Q2. What are the future works in "A performance evaluation of gradient field hog descriptor for sketch based image retrieval" ?
Future directions of this work will explore more sophisticated combination schemes, for example kernel canonical correlation analysis ( KCCA ) [ 68 ] which has been used to good effect combining photorealistic and textual constraints outside the domain of SBIR. It may be possible to draw upon work on grouping regions for structure invariant matching [ 69 ], to select an appropriate set of scales for edge detection and further improve retrieval accuracy. However the authors believe such enhancements are not necessary to demonstrate the robustness and performance of GF-HOG for SBIR, and its potential for use in sketch based retrieval applications such as sketch-text search and photo montage.
Q3. How do the authors fit the sketched shape to the image?
The authors apply Random Sampling and Consensus (RANSAC) to fit the sketched shape to the image via a constrained affine transformation with four degrees of freedom (uniform scale, rotation and translation).
Q4. How long does the retrieval time scale with the database size?
In their experiments of using Cityblock distance based linear search the retrieval time increases approximately linearly with the increasing database size.

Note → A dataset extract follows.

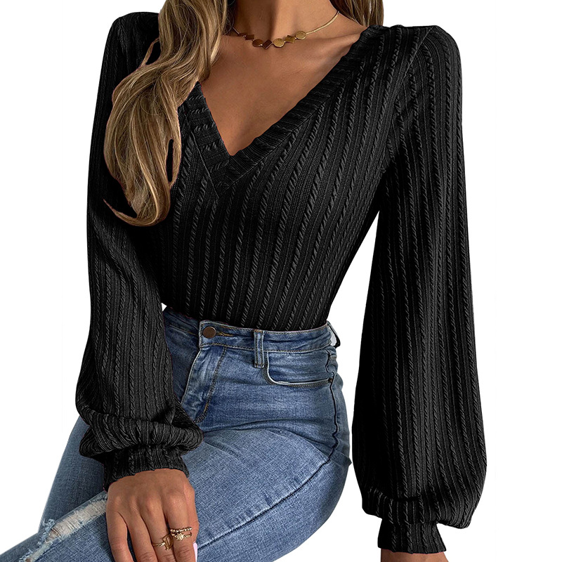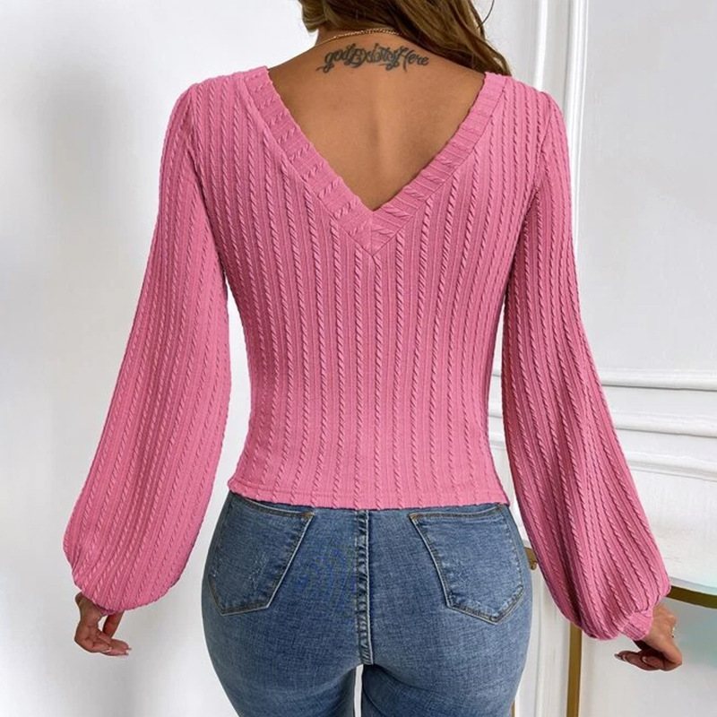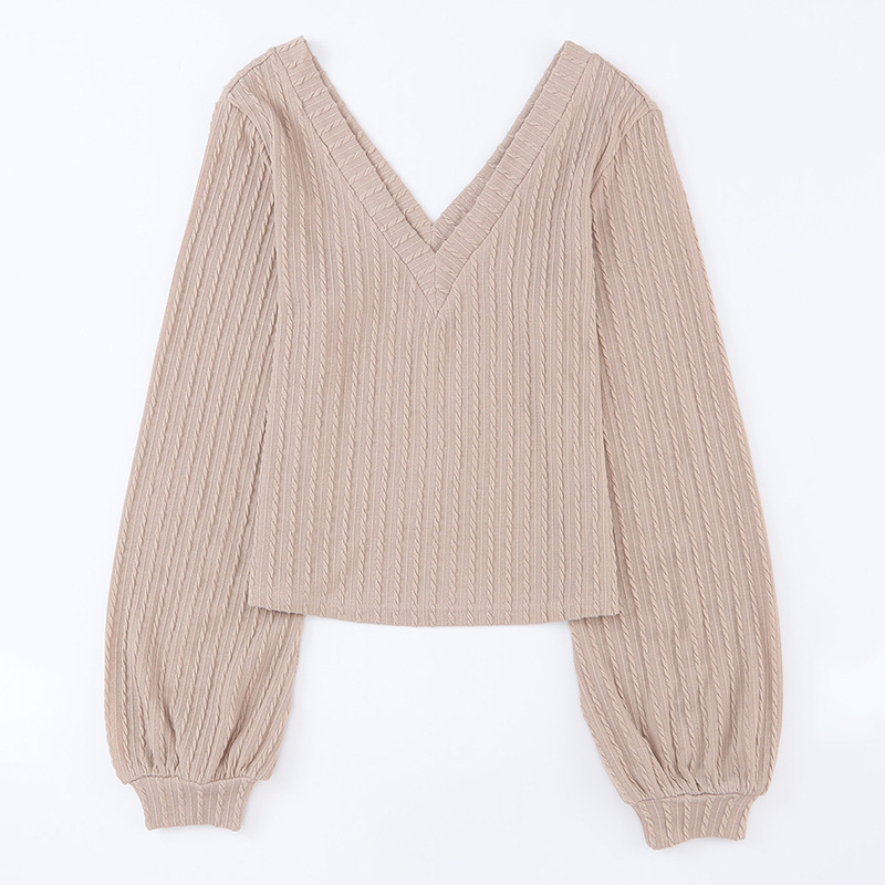 Popular elements: knitted jacquard texture fabric lantern sleeve V-neck knitted top

Q5. What is the common method of determining the similarity of a pair of keywords?
Given a vocabulary V = {w1, ...,wK} of K keywords present within all image tags, the similarity of a pair of keyword tags is commonly defined using tag cooccurrence.
Q6. What is the common way to index images?
Digital image repositories are commonly indexed using manually annotated keyword tags that indicate the presence of salient objects or concepts.
Q7. What is the simplest way to encode the relative location and spatial orientation of images?
In order to encode the relative location and spatial orientation of sketches or Canny edges of images, the authors represent image structure using a dense gradient field interpolated from the sparse set of edge pixels.
Q8. What is the way to extract features from the abstract images?
Chalechale et al. [34] employ angular-spatial distribution of pixels in the abstract images to extract features using the Fourier transform.
Q9. How many local descriptors have been used in SBIR?
Whilst a variety of local descriptors such as SIFT, SSIM, HOG have been successfully used in image retrieval and classification tasks [57], it is still unclear how various local descriptors perform in SBIR.
Q10. How many dimensions were used in each experiment?
In all experiments, the photos and the sketch canvas were pre-scaled so that their largest dimension (e.g. width or height) was 200 pixels.
Q11. How does the cityblock distance based linear search improve the retrieval time?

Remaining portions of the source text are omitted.